If I were actually faced with this task, I would probably use a combination of csv and re.

0
Hai Vu On

We can use the the csv library for splitting up the fields:

with open("Grades.txt") as stream:
    reader = csv.reader(stream, delimiter="|")
    rows = list(reader)
    pprint.pprint(rows)

Output:

[['Government ', ' 97.0% ', ' 3.0 Credits ', ''],
 ['History ', ' 87.0% ', ' 3.0 Credits ', ''],
 ['College Algebra ', ' 76.0% ', ' 4.0 Credits ', ''],
 ['Trignometry ', ' 93.0% ', ' 3.0 Credits ', ''],
 ['Pre-Calculus ', ' 83.0% ', ' 4.0 Credits ', ''],
 ['English 1 ', ' 75.0% ', ' 3.0 Credits ', ''],
 ['Calculus 1 ', ' 56.6% ', ' 4.0 Credits ', ''],
 ['English 2 ', ' 89.4% ', ' 3.0 Credits ', '']]
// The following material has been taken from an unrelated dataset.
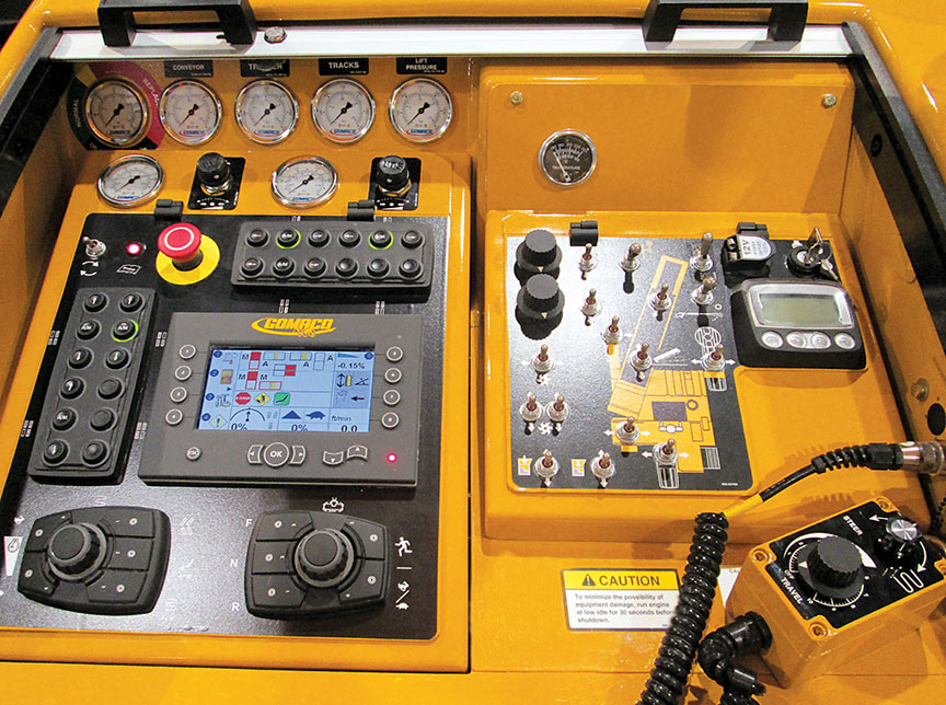 That's a Gomaco control panel, probably a 3600 since it only has three tracks. once you figure it out it's pretty easy but it has a couple of stupid safety features. First time I moved one it took me a minute to figure out that in low range you have dial it to about 20% before you notice it moving.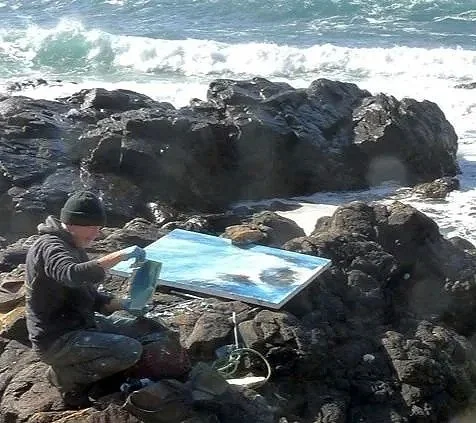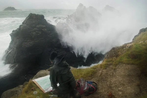 Looking out from an upstairs window I have a narrow view of the sea, so after a quick check every day, I cycle from the house the half mile down the hill, to the waters edge. The daily draw of this journey, is to experience the energy and witness the constantly changing drama the weather and sea conditions offer up. Tides, wind and light direction, swell and weather all influence my decision of where to paint, and in the summertime a territorial Oystercatcher might advise me to move to a better spot!

For each row, we can write a short function to parse it. The goal is to convert a row such as

[['Government ', ' 97.0% ', ' 3.0 Credits ', '']

to

[97.0, 3.0]

That function is

def parse(row: list[str]):
    # Convert ' 97.0% ' --> 97.0
    grade = float(row[1].strip().removesuffix("%"))

    # Convert ' 3.0 Credits ' -> 3.0
    credit = float(row[2].split()[0])

    return [grade, credit]

Putting it together:

import csv
import pprint


def parse(row: list[str]):
    # Convert ' 97.0% ' --> 97.0
    grade = float(row[1].strip().removesuffix("%"))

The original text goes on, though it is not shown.